CONCLUSION: The contrast-enhanced computed tomographic (cCT) images clearly revealed the dislocation of the right ureter that course around CVC and uterine body. This is the first report of feline circumcaval concurrent with circumuterine ureter detected by cCT.

INTRODUCTION

Circumcaval ureter is a rare anomaly of the embryonic venous system. Generally, there are three embryologic venous systems composing of caudal/posterior cardinal, subcardinal and supracardinal venous systems, which form as caudal vena cava (CVC). In the case of persistence of right caudal cardinal vein, CVC will be ventrally displaced and ureter will be medially run behind the CVC, circumscribed to its normal position (Bass, Redwine, Kramer, Huynh, & Harris, 2000; Hyseni et al., 2013; Ichikawa et al., 2014; Minniti, Visentini, & Procacci, 2002; Nagashima et al., 2006; Ratkal, Jadhav, & Naique Dessai, 2016; Shin, Lee, Park, Park, & Kim, 2014; Steinhaus et al., 2015; Yarmohammadi, Mohamadzadeh Rezaei, Feizzadeh, & Ahmadnia, 2006). This condition could be incidentally found without any signs of urinary tract abnormality (de Arruda et al., 2018). However, ureteral obstruction can be found with signs of flank pain and hydronephrosis (Bhattacharjee, Sanga, Gupta, & George, 2016; Kajal, Rattan, Sangwan, & Bhutani, 2016).

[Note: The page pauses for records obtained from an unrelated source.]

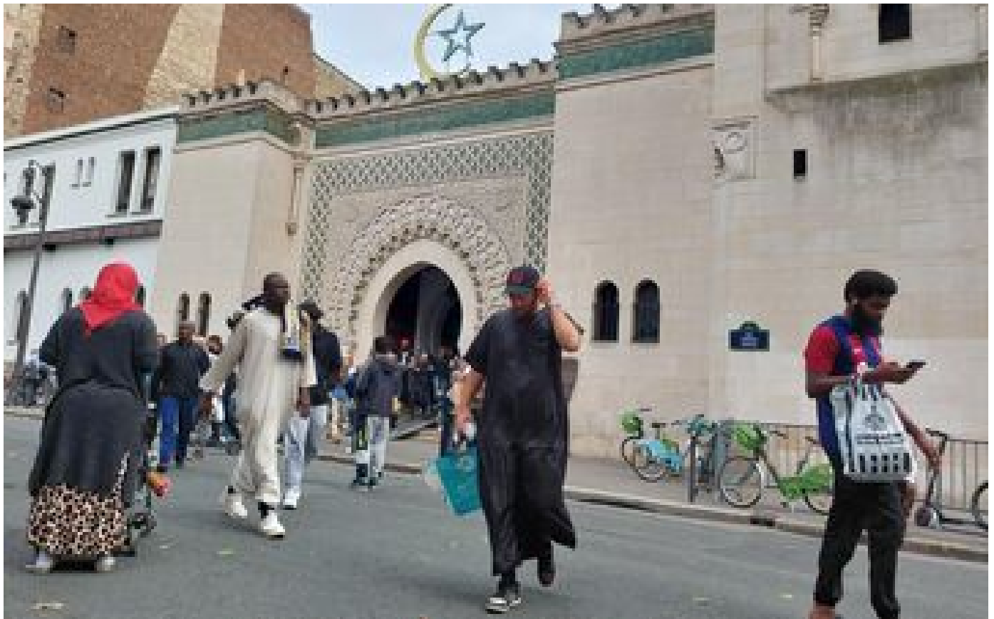
Le Ramadan commence ce lundi 11 mars en France
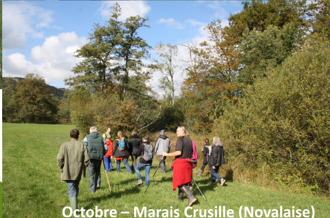
Octobre – Marais Crusille (Novalaise)
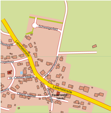
Ausschnitt, vgl. Straßenverzeichnis Hemau, K 18 – L 18
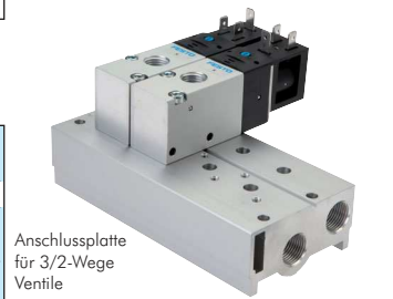
Anschlussplatte für 3/2-Wege Ventile
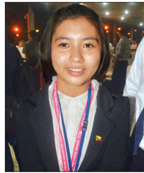
မဖူးပွင့်ခိုင်

အထက်ကရ တက္ကသိုလ်တွေမှာ သိပ္ပံနည်းပညာတွေနဲ့ ပတ်သက်ပြီး လေ့လာရေးလုပ်ရတယ်။ ပြီးတော့ နိဘယ်ဆုရှင်တွေရဲ့ ဟောပြောချက်တွေကို နားထောင်ရတယ်။ လက်တွေ့လုပ်ဆောင်ချက်တွေ လုပ်ခဲ့ရပါတယ်။ ဂျပန်နိုင်ငံက အဆင့်မီ သိပ္ပံနည်းပညာတွေကို လေ့လာခွင့်ရခဲ့တယ်။ ကလေးတွေကတော့ သူတို့ပါသနာပါတဲ့ ပညာရပ်တွေကို လေ့လာခွင့်ရတဲ့အတွက် ပျော်နေကြတယ်။ အဲဒီလိုတက္ကသိုလ်မှာ တက်ချင်တဲ့စိတ်တွေ ပေါ်နေကြတယ်။ ကျွန်တော်တို့ နိုင်ငံအနေနဲ့ ကျောင်းသားကျောင်းသူတွေကို ဒီလိုအစီအစဉ်မျိုး များများလုပ်ပေးဖို့လိုတယ်။ အတွေ့အကြုံအသစ်တွေက သူတို့လေးတွေ ကြိုးစားချင်စိတ် ပိုဖြစ်လာစေမယ်။ နိုင်ငံတကာရဲ့ ပညာရေးတွေကိုလည်း သိရှိခွင့်ရပြီး ပညာရေးပိုင်းမှာ ပိုပြီး အမြင်ကျယ်လာစေမှာပါ။
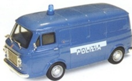
PK 352 - Fiat 238 furgone Polizia - 1969
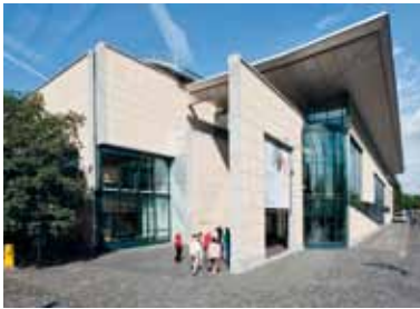
Haus der Geschichte Willy-Brandt-Allee 14 53113 Bonn Museumsmeile
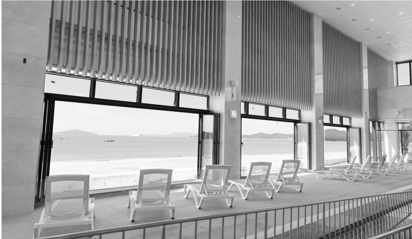
완도해양치유센터 1층 달라스포에서 바라보는 완도의 푸른 바다.
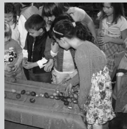
Slika na naslovnici

Praznik življenja, praznik Življenja. Smrt je premagana. Jezus Kristus je vstal od mrtvih in živi. Velika noč nas druži, nas opogumlja, nam dviga pogled. Blagoslovljena jedila so znamenje Jezusovega prehoda iz smrti v življenje. Pa tudi našega prehoda. Pirhi, remenice, remenke so majhne umetnine. Predvsem pa so znamenja novega življenja, ki ga je Kristus zagotovil vsem ljudem s svojo smrtjo in vstajenjem. Kristus je vstal! Aleluja!
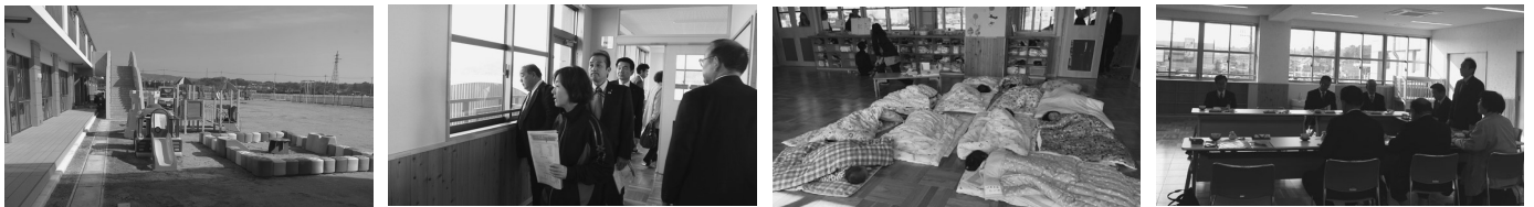
2月に開園した私立保育園の現地視察
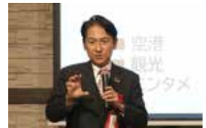
武内和久北九州市長
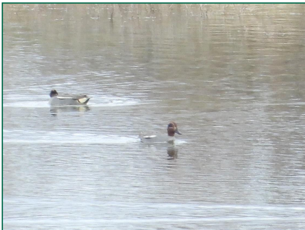
Fotografía 12. Cercetas en las Saladas.
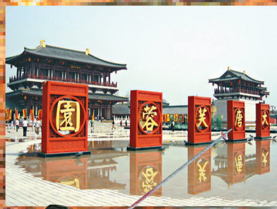
大唐芙蓉園仿照唐代皇家園林式樣建造

旅遊TIPS： 從西安火車站乘5路公共汽車至和平門換乘游4公共汽車即可抵達；或在南門乘曲江旅遊巴士直達。
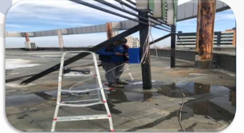
Çatıdaki Vetro City ışıklı tabelasının harf trafoları pano içerisine toplanmıştır.
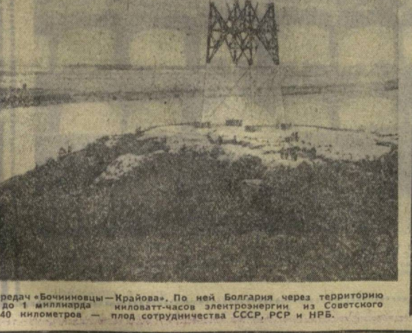
Вступила в строй линия электропередачи «Бочиноцы — Крайова». По ней Болгария через территорию Румынии будет получать ежегодно до 1 миллиарда кВт-часов электроэнергии из Советского Союза. Линия протяженностью 140 километров — плод сотрудничества СССР, РСР и НРБ.
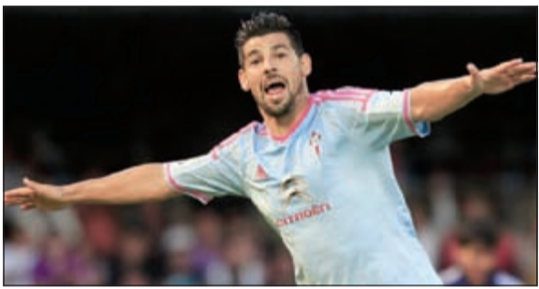
النجم نوليتو والحرب عليه

نقى مانويل نوليتو لاعب سلتا فيغو انتقاله إلى صفوف نادي برشلونة، مشيرا إلى أنه مثل الجميع يستمع إلى هذه الأخبار عن طريق الصحافة. وأضاف نوليتو وفقا لتصريحاته التي نقلتها صحيفة سبورت الكاتالونية أنا هنا في سلتا فيغو ولدي عقد مع الفريق وأنا متراح هنا.
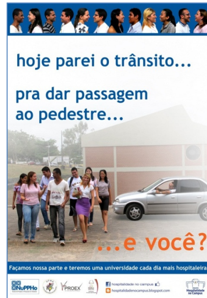
Figura 3 - Cartaz da Campanha.
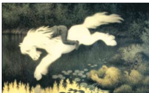
Th. Kittelsen: Nøgken som hvit hest, 1909.

Gruvekroa er et naturlig samlingspunkt på Koboltgruvene. Her serverer vi vår hjemmelagde mat til 15-100 mennesker i den hyggelige kroa. Gruvebutikken er utgangspunktet for gruveturene og har et variert utvalg av suvenirer.
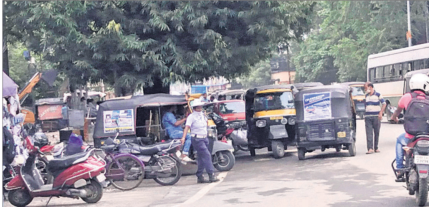
ରାଉରକେଳାର ଏକ ଛକରେ ଗ୍ରାମିକ ପୋଷ୍ଟ ନ ଥିବାରୁ ଜଣେ ମହିଳା ଗ୍ରାମିକ ପୋଲିସ ଗହଳତଳେ ଛିଡ଼ା ହୋଇ ଯାନବାହନ ପରିଚାଳନା କରୁଛନ୍ତି।
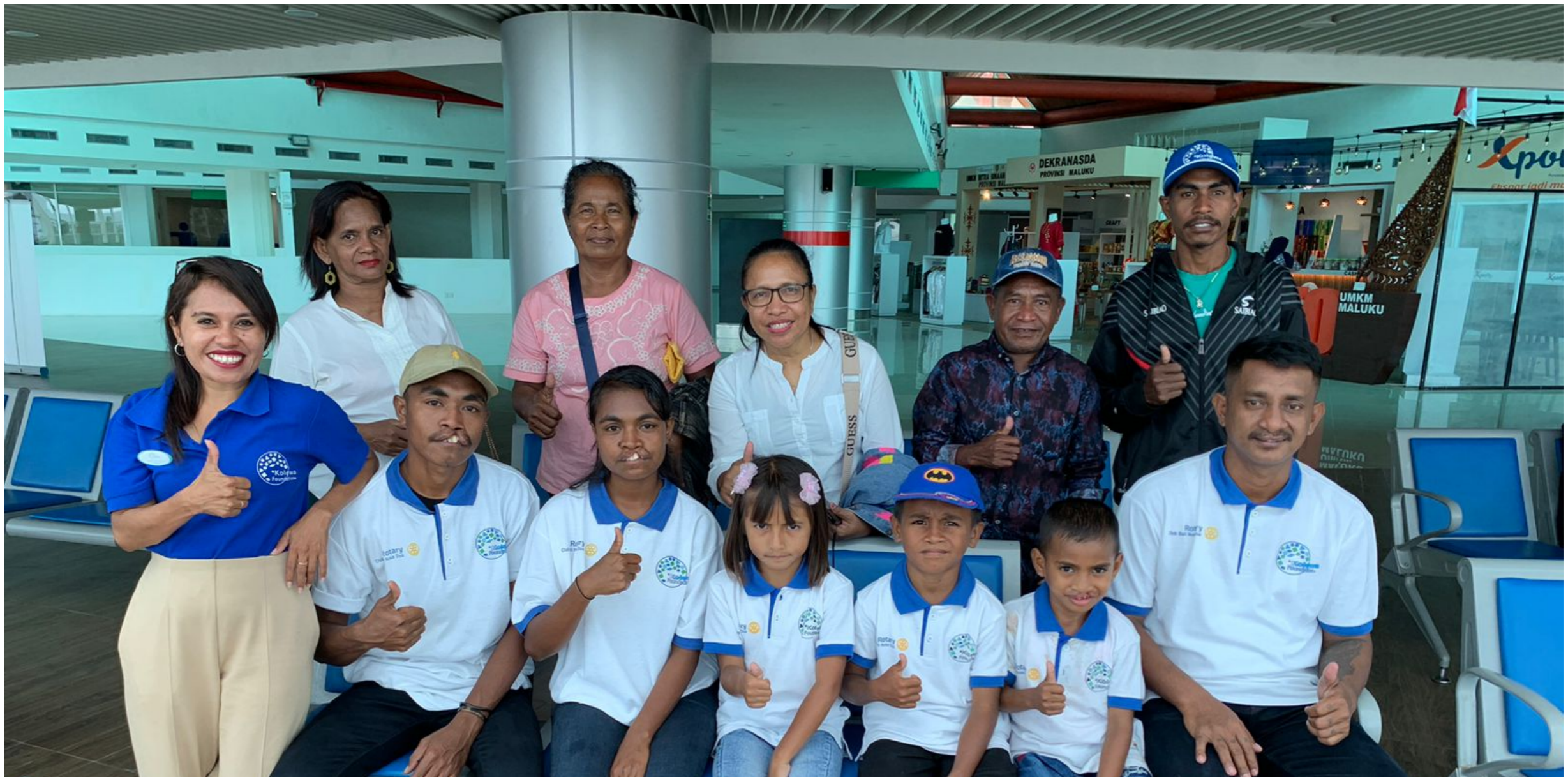
Vanaf het moment dat de auto tot beschikking kwam werd hij dagelijks ingezet, met name vanuit de Molukken arriveerden een aantal grote groepen voor een operatie.

Al snel werd duidelijk dat we het aantal ritten niet afkonden met het inzetten van leden van ons bestaande team. We besloten Wayan, die we overigens al jaren goed kennen als partner van Ana, aan te
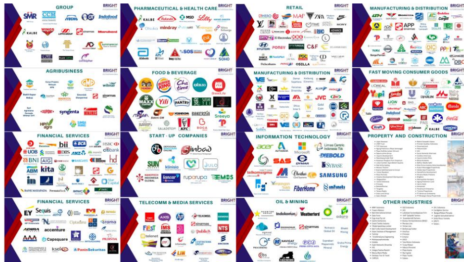
Gambar 2. 3 Daftar Klien Bright Consulting berdasarkan sektor Industri

Setelah adanya kesepakatan dalam kontrak dengan klien, proses Headhunting di Bright Consulting dilakukan dengan mempelajari brief yang diberikan klien untuk lebih memahami kebutuhan klien. Kemudian, Tim Bright Consulting akan mulai melakukan talent mapping , yang merupakan proses dimana Tim Bright Consulting mengumpulkan kandidat-kandidat sesuai dengan kebutuhan klien. Pencarian kandidat dilakukan melalui LinkedIn atau mouth to mouth recommendation . Setelah melalui proses seleksi secara internal, Tim Bright Consulting akan mengajukan kandidat-kandidat terpilih kepada klien.
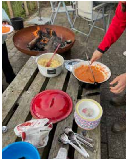
Tomatsuppe på bål i kolonihaven.

De frivillige i Gademix har været til velfortjent frivillig-fest og fået frivillig kage – STOR TAK til alle frivillige for deres store engagement og meget vigtige indsats gennem 2023.
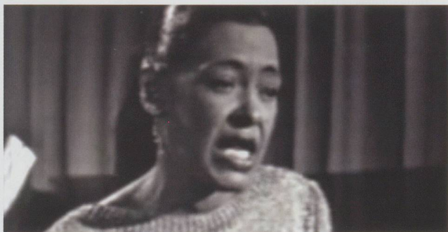
Billie Holiday, Videostill.

Ein Sprung in ein benachbartes Genre und eine frühere Zeit: Strange fruit , gesungen von der US-amerikanischen Jazz-Legende Billie Holiday (1915–1959) in einer Live-Aufnahme aus den späten 1930er Jahren. 10 Viel ist zu diesem Song, der zur Ikone des Kampfs gegen den Rassismus geworden ist, gesagt und geschrieben worden. 11 Mich interessiert hier, wie Holiday den Song durch sich sprechen lässt und worauf sie dabei verzichtet. Es scheint, als gebe es in ihrer Interpretation keinen einzigen gerade gesungenen Ton, keinen Drive, keinen Gute-
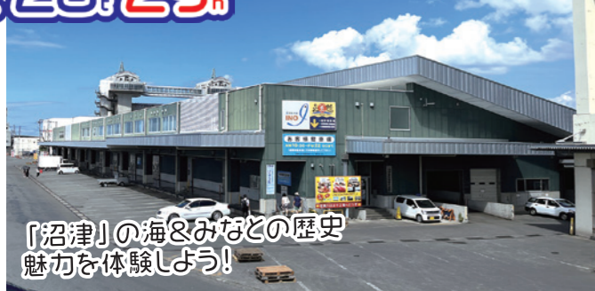
「沼津」の海&みなとの歴史 魅力を体験しよう!
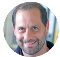
Peter Erbach Autohaus Iser Riedstadt
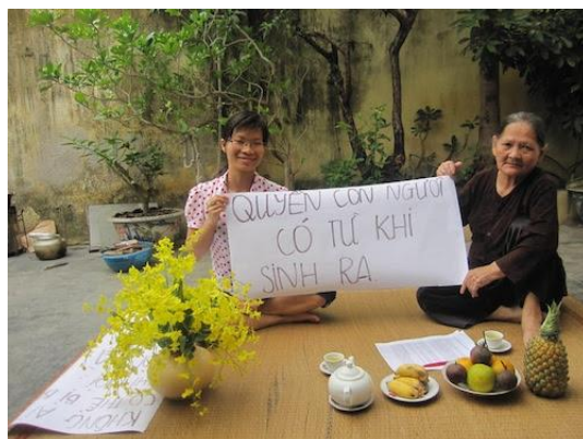
Quyền Con người.

Với hồ sơ Nhân quyền tệ hại, Việt Nam vẫn được bầu vào Hội đồng Nhân quyền LHQ nhiệm kỳ 2014-2016 với số phiếu rất cao. Bình luận về nghịch lý này, Tổ chức UN Watch có trụ sở ở Geneva, cơ quan theo dõi các hoạt động toàn diện của LHQ, nói kết nạp các quốc gia vi phạm nhân quyền có tiếng như Việt Nam, Trung Quốc làm thành viên Hội đồng Nhân quyền chẳng khác nào cho 'kẻ chuyên phóng hỏa đứng đầu sở cứu hỏa'.
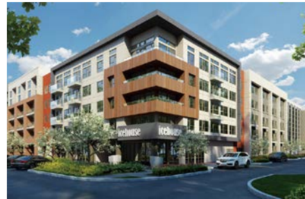
テキサス州 ダラス市
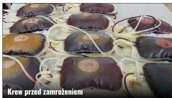
Krew przed zamrożeniem

także: Stowarzyszenie Kobiet na Rzecz Promocji i Rozwoju Środowisk Lokalnych 28+, Młodzieżowa Rada Gminy Zamość, GOK Gminy Zamość, Zarząd Oddziału Gminnego Związku OSP RP w Zamościu z jednostką OSP w Bortatyczach i Sołectwo Bortatycze. Zarząd Klubu HDK przy UG
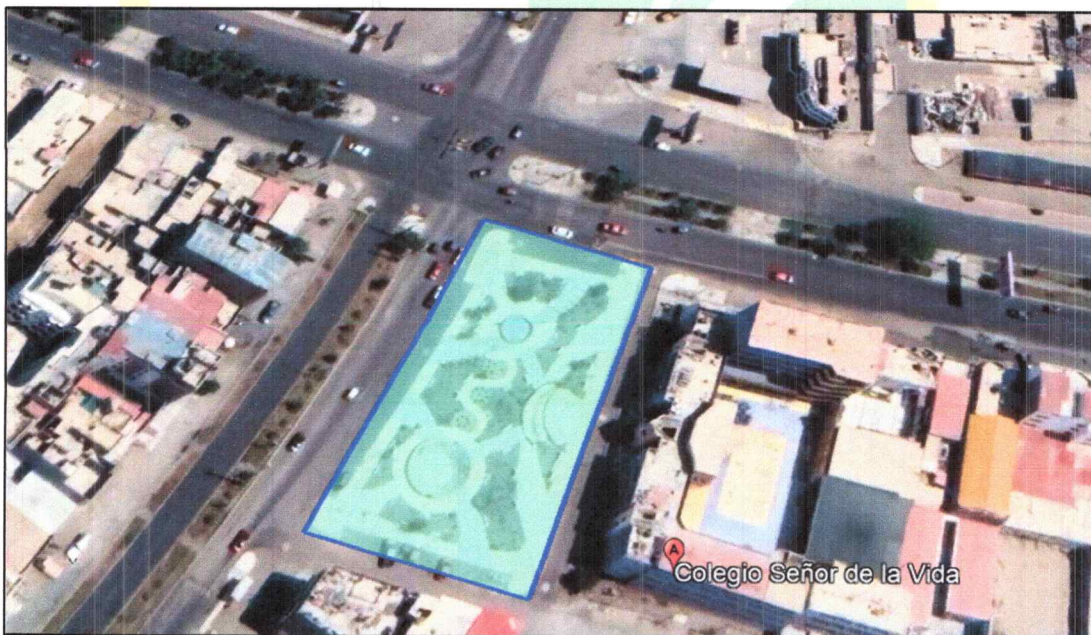
MICRO LOCALIZACION (DISTRITO DE NUEVO CHIMBOTE – PARQUE LA CULTURA)
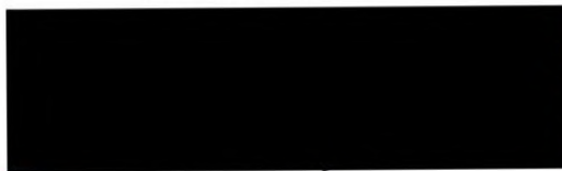
zhotovitel Jiří Mittelbach KVS stavební, s.r.o. („Správce“)
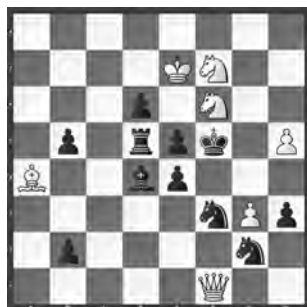
15086 Herbert Ahues (†) Publikation post mortem (V.)
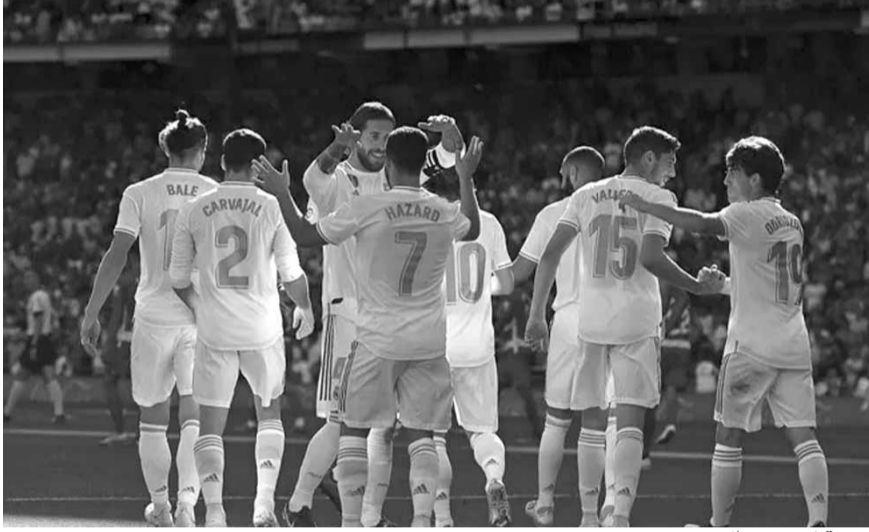
فرحة لاعبي ريال مدريد

فك البلجيكي ادين هازار نحسه مع التسجيل وقاد ريال مدريد إلى فـرملة الانطلاقة الصاروخية لضيفه غرناطة بفوز صعب ٤-٢، أمس السبت في المرحلة الخامسة من الدوري الإسباني لكرة القدم.
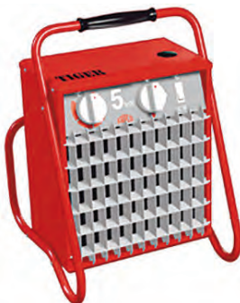
Aérotherme Tiger 15 Kw
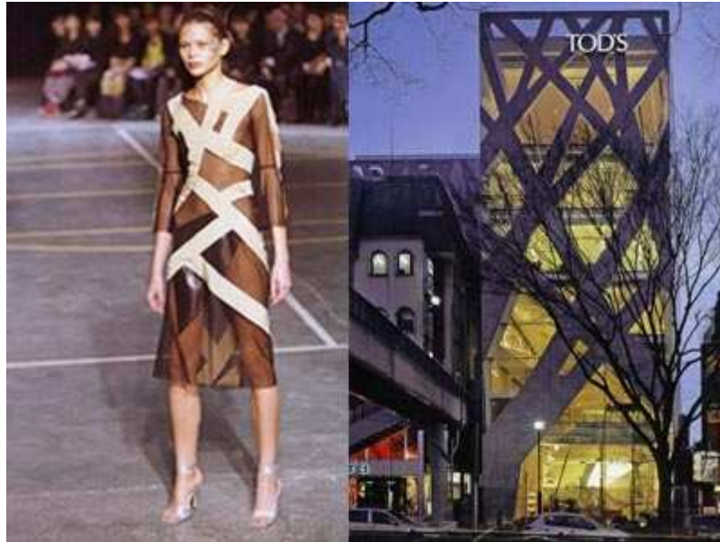
Way Dress by Yoshiaki Hishinuma of Tokyo, 2004 Tod's Omotesando building, Tokyo, 2004 Toyo Ito

Infatti anche in questa circostanza, la moda si è intrecciata con il lavoro di grandi architetti, impegnati nelle grandi esposizioni di inizio novecento, in cui emerse il lavoro delle rinomate sartorie torinesi dell'epoca, le quali presentavano le loro creazioni. Sarà proprio questo grande "successo" della moda italiana a Torino, che vedrà molti architetti tra i più noti del periodo, redarre le linee guida per la realizzazione di nuovi negozi che dovevano rispondere alle nuove esigenze e alle nuove tendenze del periodo.
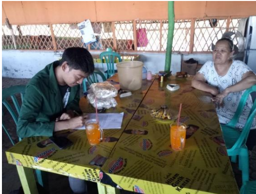
Gambar 7. Kondisi saat Wawancara dengan Responden Lain
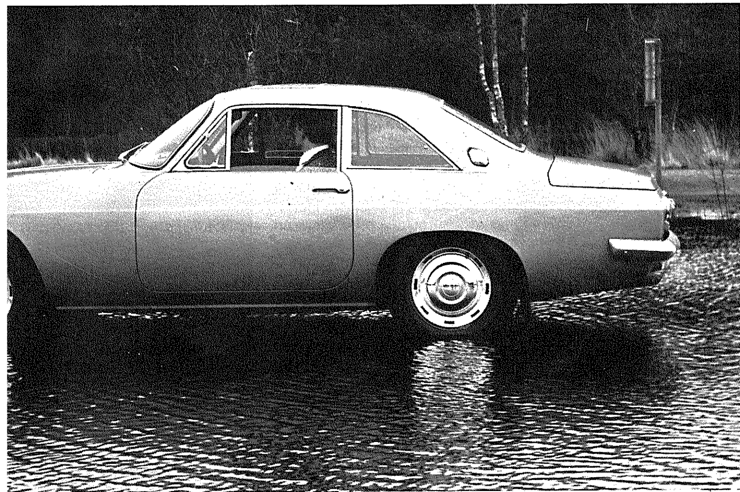
De foto hierboven toont U het zij-aanzicht van de nieuwe Scimitar 3 liter.
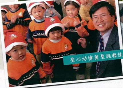
聖心幼稚園聖誕報佳音

In human medicine, the prevalence of circumcaval ureter was reported as 0.13% (Hostiuc, Rusu, Negoi, Grigorui, & Hostiuc, 2019). Comparing to companion animals, circumcaval ureter has been reported in a dog (Doust, Clarke, Hammand, Paterson, & King, 2006). However, this abnormality has been more frequently reported in cats (Abidu‐Figueiredo et al., 2019; Bélanger, Shmon, Gilbert, & Linn, 2014; Pey, Marcon, Drigo, Specchi, & Bertolini, 2015; Steinhaus et al., 2015). In addition, several reports showed that it could be concurrently occurred with other congenital abnormalities; for example: intrahepatic portosystemic shunt (Doust et al., 2006), double right renal vein (Abidu‐Figueiredo et al., 2019), contralateral renal agenesis (Cardoza, Shambhulinga, & Rajeevan, 2016) and cryptorchidism (Fernando, Jayarajah, Arulanantham, Goonewardena, & Wijewardena, 2018). However, there is no report of feline circumcaval concurrent with circumuterine ureter. Therefore, the aim of this report was to reveal an incidental, contrast‐enhanced computed tomographic (cCT) case of circumcaval concurrented with circumuterine ureter in a cat.

CASE REPORT

A 2‐year‐old, 4.4 kg, intact female Persian cat was presented at the Small Animal Teaching Hospital, Faculty of Veterinary Science, Chulalongkorn University as the normal volunteer for another research. All processes of the study were conducted under the approval by The Institution Animal Care and Use Committee of Faculty of Veterinary Science, Chulalongkorn University (CU‐IACUC), approval number: 1631073. After history taking, physical examination, routine laboratory tests and the test for feline leukaemia virus (FeLV) and feline immunodeficiency virus (FIV) (Witness® Zoetis) were done and normal ranges of former tests were achieved, the cat was subjected to perform abdominal radiography, ultrasonography and computed tomography (CT), using the previous study protocol (Darawiroj & Choisunirachon, 2019).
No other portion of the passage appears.